Re: Recording the current branch on each commit?

[Date Prev][Date Next][Thread Prev][Thread Next][Date Index][Thread Index]

 



On Sun, Apr 27, 2014 at 7:38 PM, Jeremy Morton <admin@xxxxxxxxxxxxxx> wrote:
> On 27/04/2014 10:09, Johan Herland wrote:
>> On Sun, Apr 27, 2014 at 1:56 AM, Jeremy Morton<admin@xxxxxxxxxxxxxx>
>> wrote:
>>> Currently, git records a checksum, author, commit date/time, and commit
>>> message with every commit (as get be seen from 'git log').  I think it
>>> would
>>> be useful if, along with the Author and Date, git recorded the name of
>>> the
>>> current branch on each commit.
>>
>> This has been discussed multiple times in the past. One example here:
>> http://thread.gmane.org/gmane.comp.version-control.git/229422
>>
>> I believe the current conclusion (if any) is that encoding such
>> information as a _structural_ part of the commit object is not useful.
>> See the old thread(s) for the actual pro/con arguments.
>
> As far as I can tell from that discussion, the general opposition to
> encoding the branch name as a structural part of the commit object is that,
> for some people's workflows, it would be unhelpful and/or misleading. Well
> fair enough then - why don't we make it a setting that is off by default,
> and can easily be switched on?  That way the people for whom tagging the
> branch name would be useful have a very easy way to switch it on.

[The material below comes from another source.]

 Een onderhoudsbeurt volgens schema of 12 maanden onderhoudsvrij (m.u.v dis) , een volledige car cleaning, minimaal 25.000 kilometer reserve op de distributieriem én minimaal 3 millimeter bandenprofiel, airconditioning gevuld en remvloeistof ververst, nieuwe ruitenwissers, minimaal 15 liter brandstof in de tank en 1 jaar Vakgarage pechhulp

Obviously, the feature would necessarily have to be optional, simply
because Git would have to keep understanding the old commit object
format for a LONG time (probably indefinitely), and there's nothing
you can do to prevent others from creating old-style commit objects.

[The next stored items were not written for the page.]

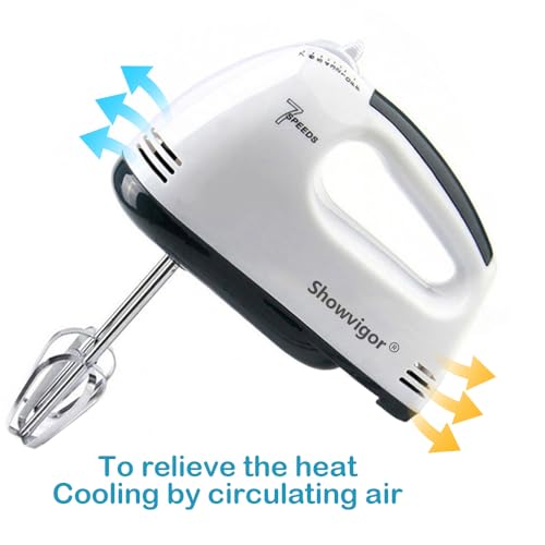 【7 Speeds&Turbo Boost】Hand mixers has 7 adjustable speeds. And You can use the turbo boost function to the fastest acceleration to speed 5 or higher. Showvigor hand mixer help you operate more efficiently and quickly. Note: Starting the electric mixer at a slow speed will effectively prevent splashing of ingredients.
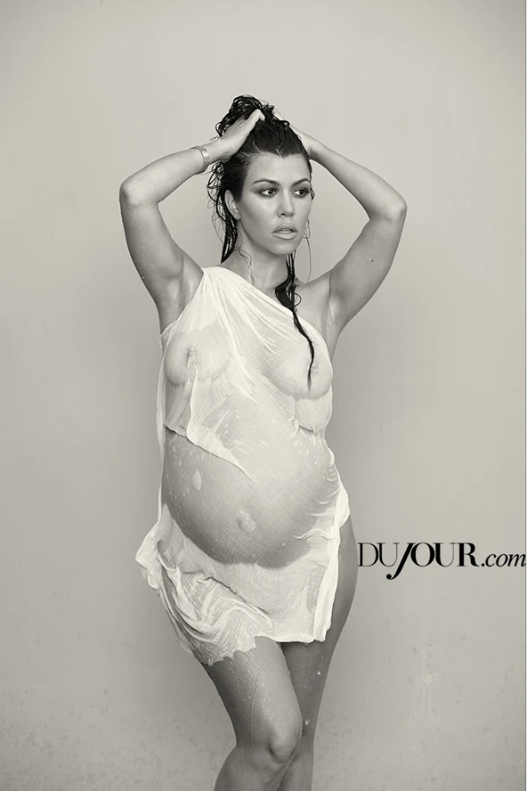 Kim Kardashian megpróbálta kirobbantani az internetet meztelen fenekével a Paper magazin címlapján, de nővére Kourtney igencsak jó ellenfélnek bizonyul. A 35 éves valóságshow-sztár harmadik gyermekét várja, és terhességének utolsó hónapjait mindenképpen szerette volna megörökíteni. Ezért fogadta el a DuJour magazin felkérését, és pózolt meztelenül Brian Bowen Smith kamerája előtt.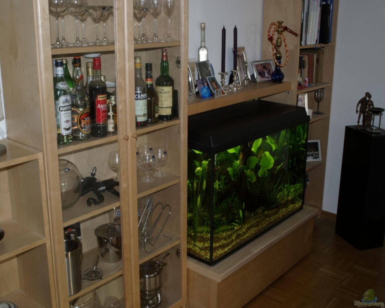 10 mm Glas mit Sto??verklebung, Isomatte als Beckenauflage Das Becken ist umrahmt von 2 Ikea Billy Regalschränken: links ein 80cm Vitrinenschrank, rechts ein ´offener´ 60cm Regalschrank. Zwischen den beiden Regalen ist 110cm Platz. Diesen habe ich mit 3 110cm ´Lack´ Regalen auf im oberen Bereich ´überbrückt´. Der untere Bereich ist für das Aquarium reserviert. Dieses steht auf 3 Ziegeldoppelsäulen (12 Standardziegeln) und einer 5cm Arbeitsplatte im passenden Buchenton. Als Verblendung [...]

Which brings us to another big con at this point: The cost of changing
the commit object format. One can argue for or against a new commit
object format, but the simple truth at this point is that changing the
structure of the commit object is expensive. Even if we were all in
agreement about the change (and so far we are not), there are multiple
Git implementations (libgit2, jgit, dulwich, etc.) that would all have
to learn the new commit object, not to mention that bumping
core.repositoryformatversion would probably make your git repo
incompatible with a huge number of existing deployments for the
foreseeable future.

Therefore, the most pragmatic and constructive thing to do at this
point, is IMHO to work within the confines of the existing commit
object structure. I actually believe using commit message trailers
like "Made-on-branch: frotz" in addition to some helpful
infrastructure (hooks, templates, git-interpret-trailers, etc.) should
get you pretty much exactly what you want. And if this feature turns
out to be extremely useful for a lot of users, we can certainly
consider changing the commit object format in the future.

> I know
> that for the workflows I personally have used in the past, such tagging
> would be very useful.  Quite often I have been looking through the Git log
> and wondered what feature a commit was "part of", because I have feature
> branches.  Just knowing that branch name would be really useful, but the
> branch has since been deleted... and in the case of a ff-merge (which I
> thought was recommended in Git if possible), the branch name is completely
> gone.

True. The branch name is - for better or worse - simply not considered
very important by Git, and a Git commit is simply not considered (by
Git at least) to "be part of" or otherwise "belong to" any branch.
Instead the commit history/graph is what Git considers important, and
the branch names are really just more-or-less ephemeral pointers into
that graph.

AFAIK, recording the current branch name in commits was not considered
to the worth including in Linus' original design, and since then it
seems to only have come up a few times on the mailing list. This is
quite central to Git's design, and changing it at this point should
not be done lightly.

IINM, Mercurial does this differently, so that may be a better fit for
the workflows where keeping track of branch names is very important.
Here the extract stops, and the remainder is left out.